'''

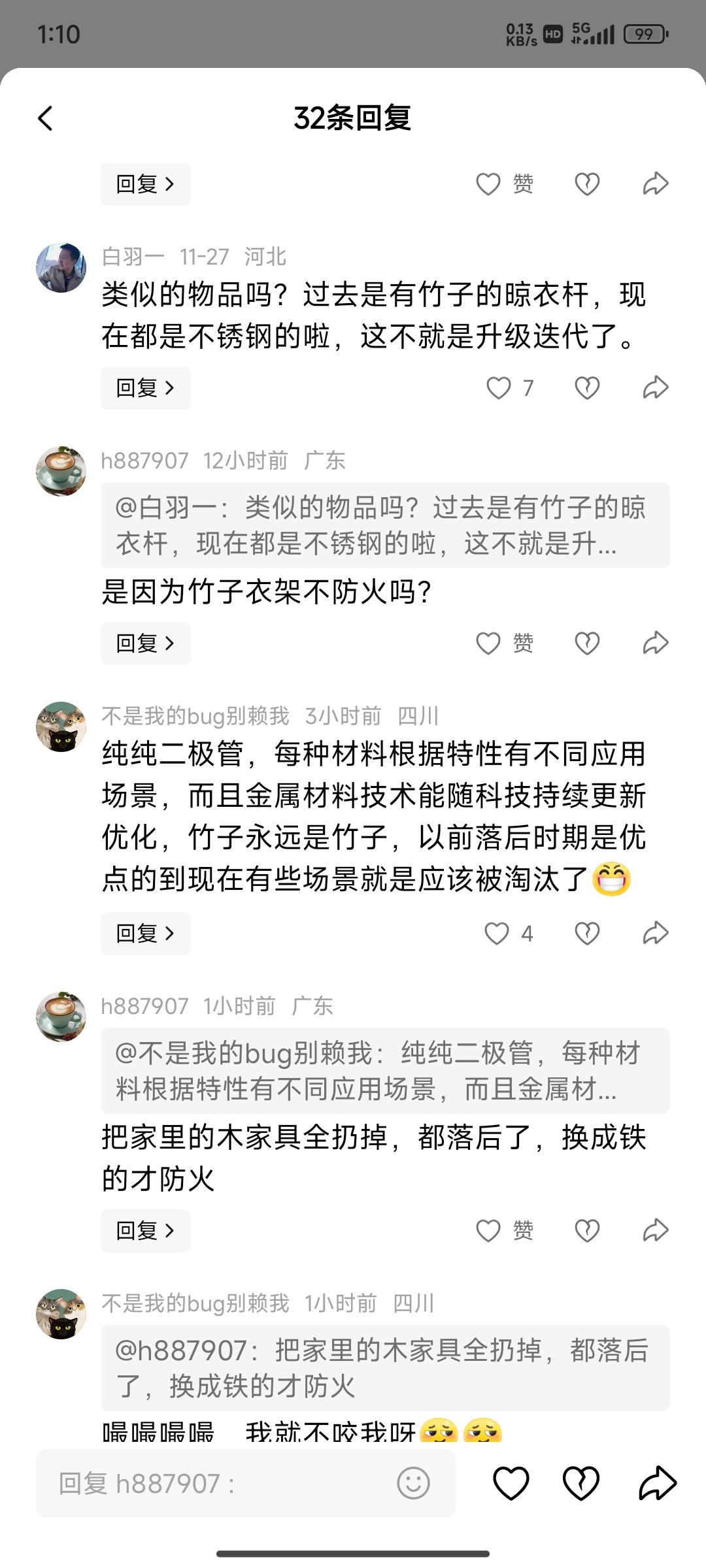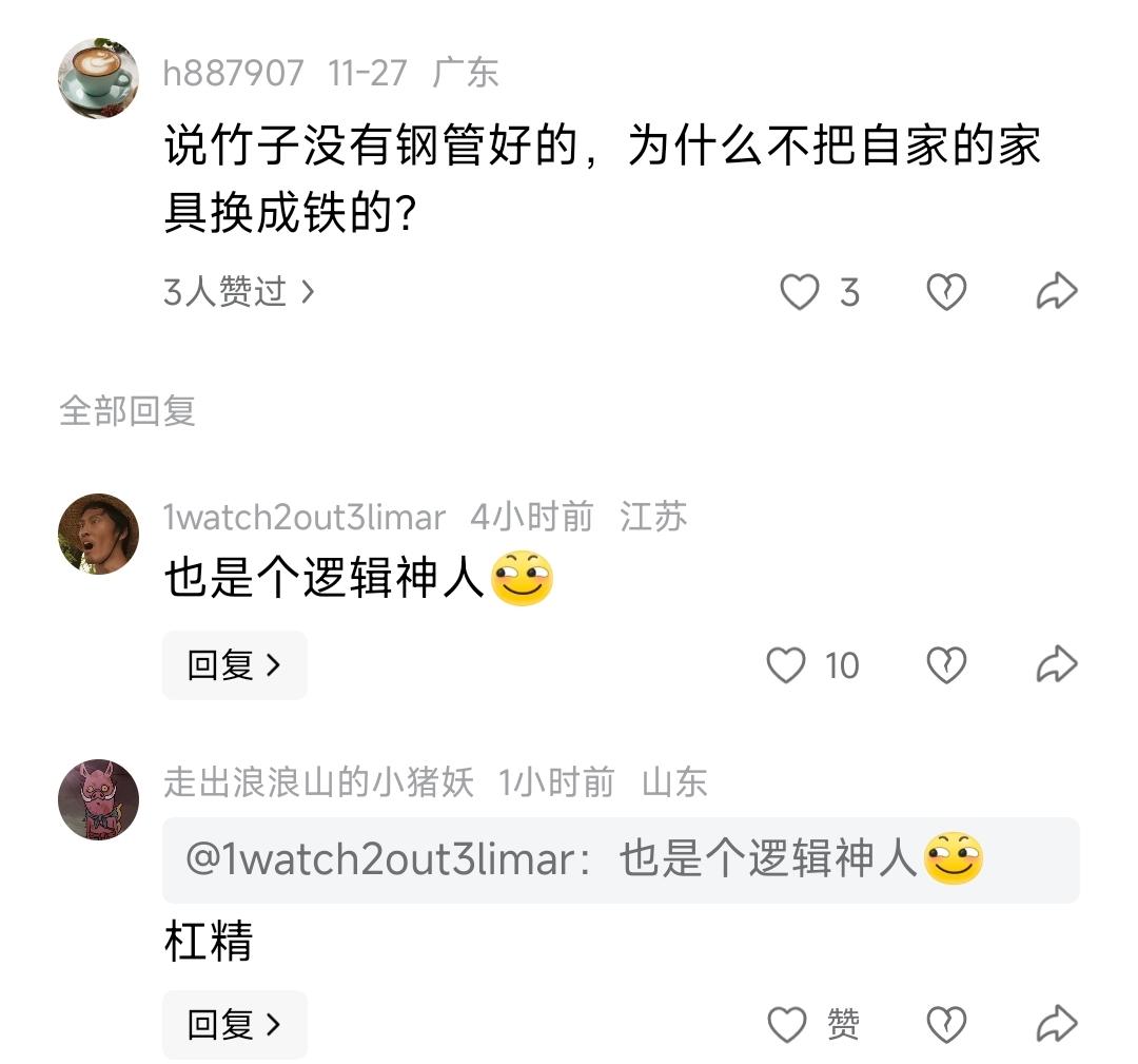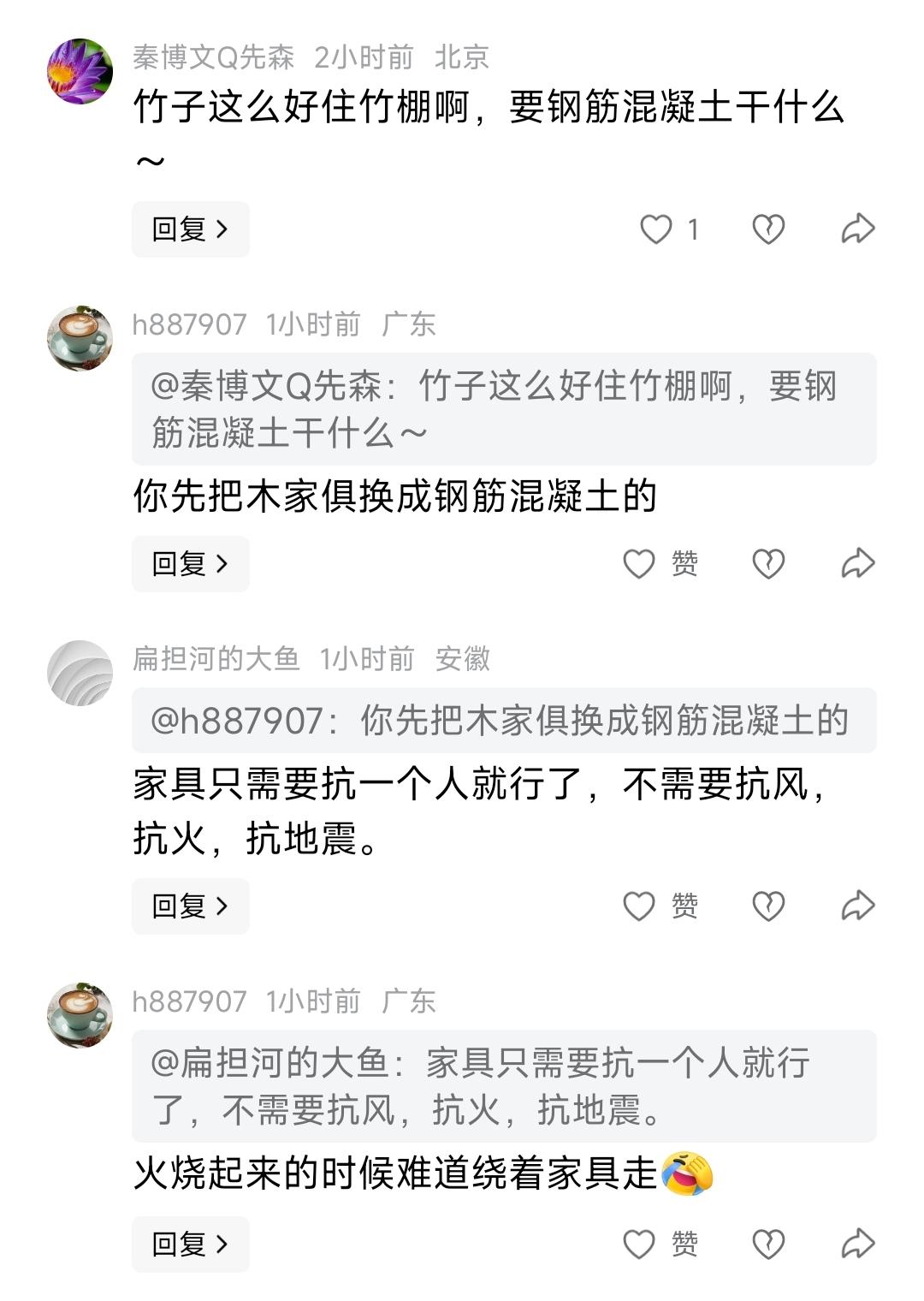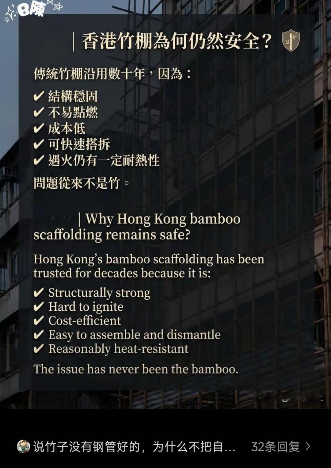 这就开始科普竹子脚手架的阻燃性了啊,还各种论述立秋证明竹子比钢管的优势。我能想到的就是竹子便宜,几层的自建房体量小,用竹子合算。这种几十层的场景,还要力证竹子比钢管适合?难道为了证明自己比大陆优越,完全把物理现实丢一边了啊。
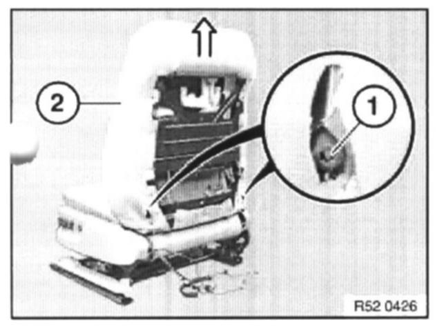 If the retaining clip (1) cannot be fitted (does not snap into place), the backrest is not correctly snapped into place. The backrest must then be unlocked and relocked again, refer to next work step.
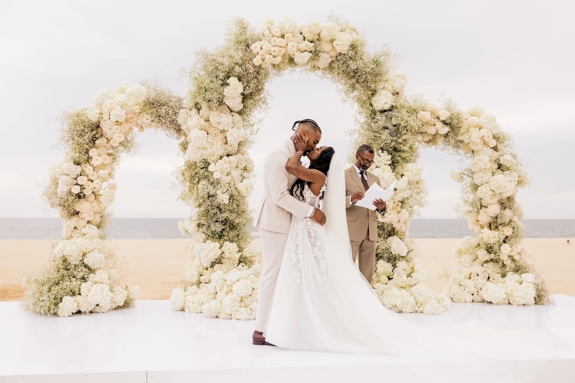 Finalmente Simone caminó hacia el altar en la Terraza Umi del Nobu Los Cabos a las 5 p.m., junto con su padre, mientras el violonchelista Andrew Savoia tocaba de fondo. Simone comenta que sentía muchos nervios, sin embargo, ver a Jonathan en el altar fue un sueño. Una ceremonia llena de amor y romanticismo.

'''

**Work item:**
Please return only the lines from the top of the data through the line with "If the retaining", exactly as written, and drop every picture.

**Task result:**
 这就开始科普竹子脚手架的阻燃性了啊,还各种论述立秋证明竹子比钢管的优势。我能想到的就是竹子便宜,几层的自建房体量小,用竹子合算。这种几十层的场景,还要力证竹子比钢管适合?难道为了证明自己比大陆优越,完全把物理现实丢一边了啊。
 If the retaining clip (1) cannot be fitted (does not snap into place), the backrest is not correctly snapped into place. The backrest must then be unlocked and relocked again, refer to next work step.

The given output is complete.